Min has noted, for example, that while the federal government owned or guaranteed 67 percent of all mortgages, it was responsible for just 32 percent of serious delinquencies--while private-label securities generated 13 percent of loans and 42 percent of serious delinquencies. Similarly, at a recent event for Wallison's book, Moody's analyst Mark Zandi pointed out that, relative to debt outstanding, realized losses on residential mortgages at Fannie and Freddie were just 3 to 4.5 percent, compared with 6 percent for banks and 23 percent for private-label securities. Jason Thomas of the Carlyle Group has written that, while Fannie and Freddie imploded and needed to be placed into conservatorship, had they "simply been required to hold equity capital in roughly the same proportion that banks are, shareholders would have absorbed all of the losses."

Further, an intriguing new working paper suggests that delinquency, if measured in dollar amounts, actually increased most among middle- and higher-income borrowers when the bubble popped. "Since these borrowers have much larger mortgages, a small increase in their default rate has [a] large impact on the amount [of] dollars in delinquency," the authors note. Another interesting finding is that lower-income borrowers' share of mortgage originations changed little between 2002 and 2006--the authors say credit expanded for all consumers, not just the poor.
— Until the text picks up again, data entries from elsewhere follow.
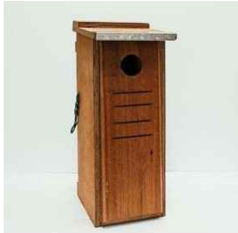
'Small' box (targeted to sugar and squirrel gliders, tree creepers and scaly breasted lorikeets)

Nest Boxes are specified as per Hollow Log Homes - to be purchased to compensate for the loss of any hollows. As per advice from Eco Logical
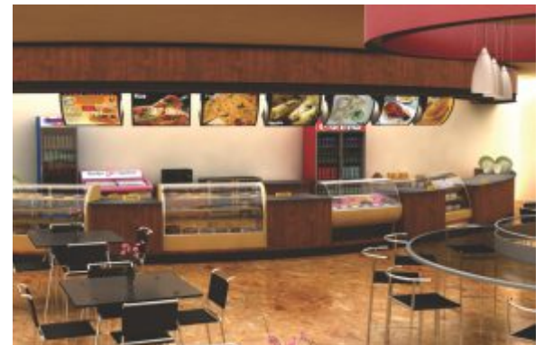
Fast Food & Dining - McDonald's, Food Wonder & Shera
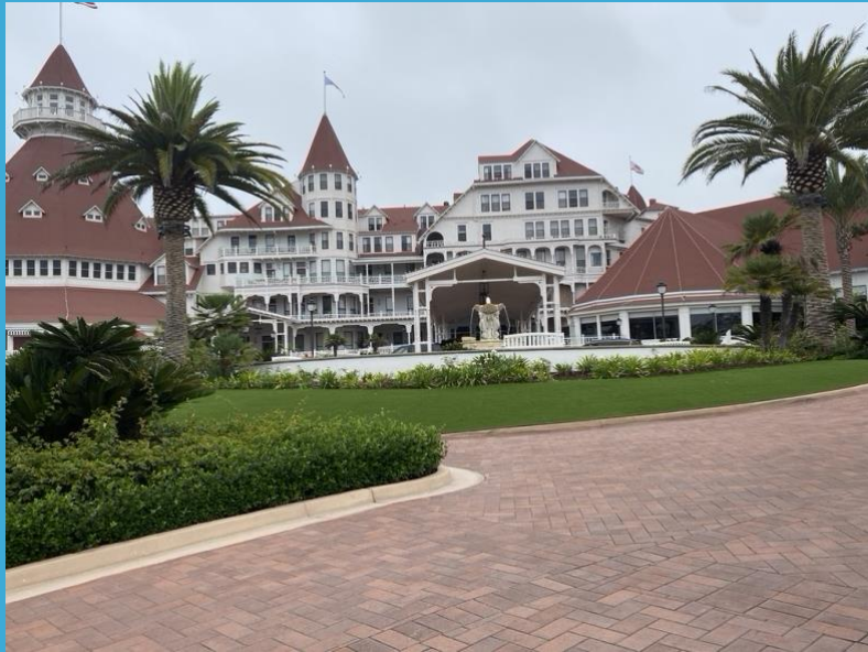
Entrance to the Del
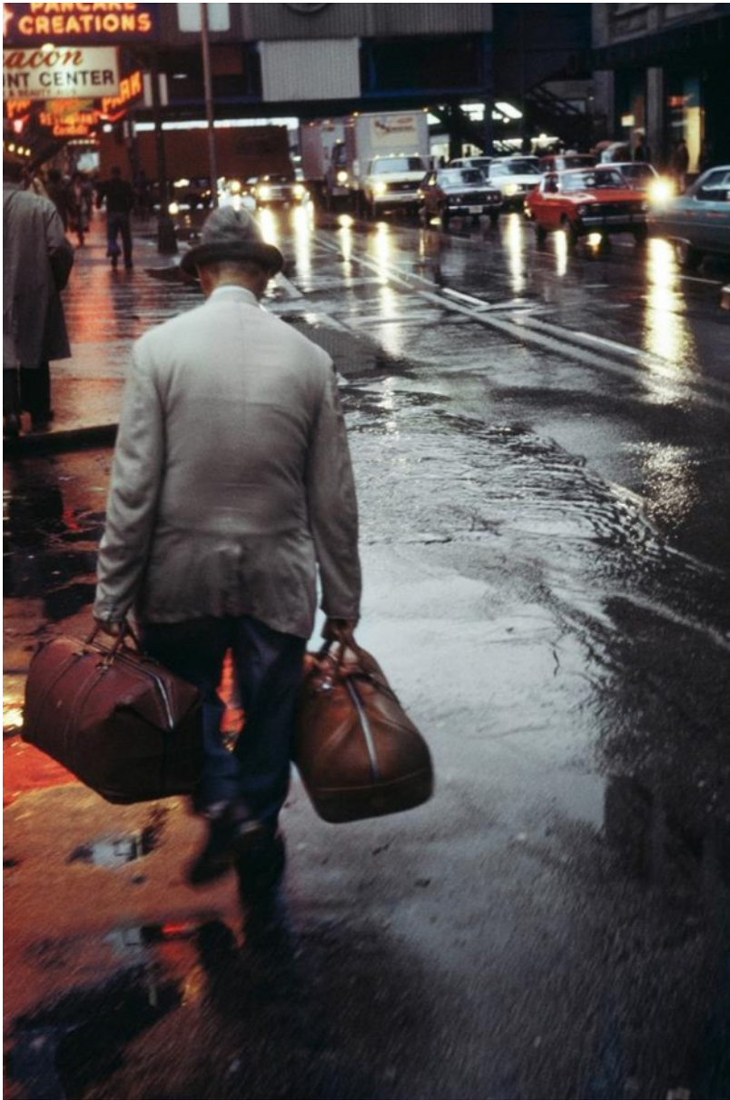
Stamped with photographer's copyright ink stamp and signed by John Maloof, dated and numbered on reverse Chromogenic print, printed later Printed on 20 x 16 inch paper From an edition of 15 (BHC3747)
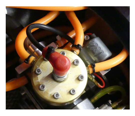
Photo shows a 2-in and 3-out arrangement (Tiger King 27 pro). The water outlets exit around the top of the cylinder head and the two inlets are partially hidden behind the water-cooled exhaust header. © GNP

Photo shows a 2-in (red pipes) and 3-out arrangement (Quickdraw) unusually a water-cooled manifold (orange pipes) is also fitted. © GNP
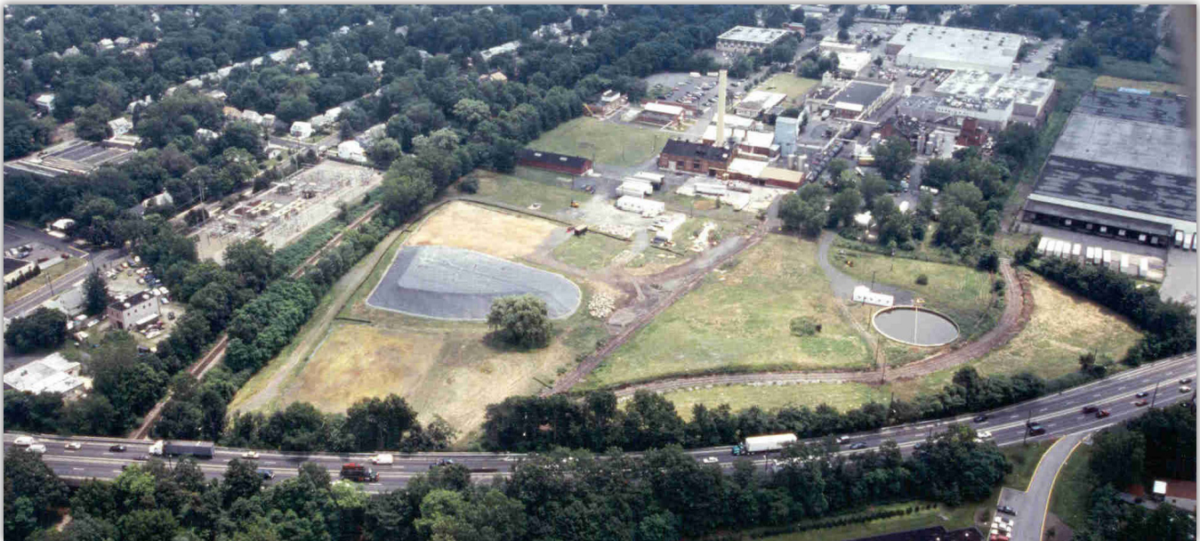
An aerial view of the Maywood Site and vicinity. A network of monitoring devices and sampling locations ring the area to track environmental conditions over time.
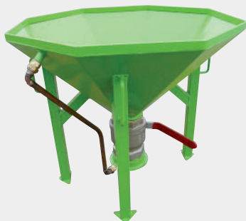
Spherical ball valve
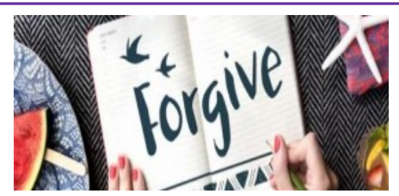
Power of Forgiveness Retreat
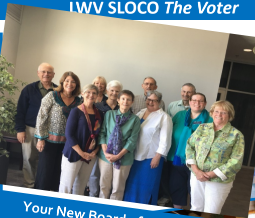
Your New Board of Directors
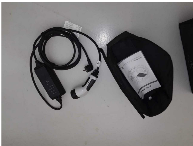
Figure 21: Misc.
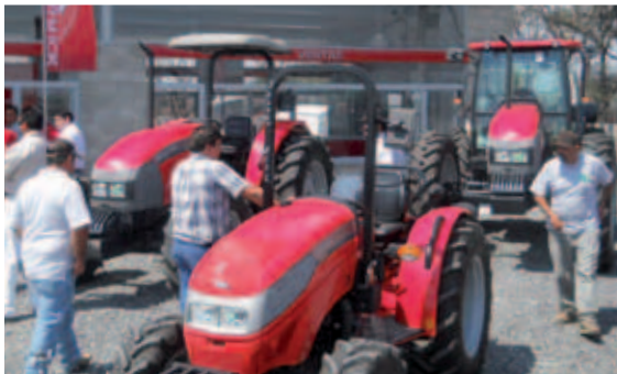
Celaya. McCormick tractors lined up in front of the new agency, Euroequipos Agroindustriales.

The final obstacle for Wallison's thesis is what happened in markets that the affordable-housing goals didn't cover: Many countries had housing bubbles around the time that we did, despite not having similar policies. As Wallison says, these countries' bubbles weren't as bad as ours. But as Zandi pointed out at the book event, the countries that had lively markets for private-label mortgage securities tended to fare particularly poorly. Others have noted that commercial real estate in the U.S. experienced a bubble similar to the one that afflicted residential real estate.

It's possible to weave a narrative that's consistent with all of these facts and still lays the blame at the feet of the government's affordable-housing push, and Wallison gives it a good shot. To him, federal housing policy was like a lit cigarette tossed aside in a dry forest: It still started the fire even if the flames burned brightest far from where it landed. But fair-minded readers will remain skeptical. That the government stupidly encouraged risky lending to promote homeownership is undeniable; that the financial crisis wouldn't have happened otherwise is harder to believe, if ultimately nondisprovable.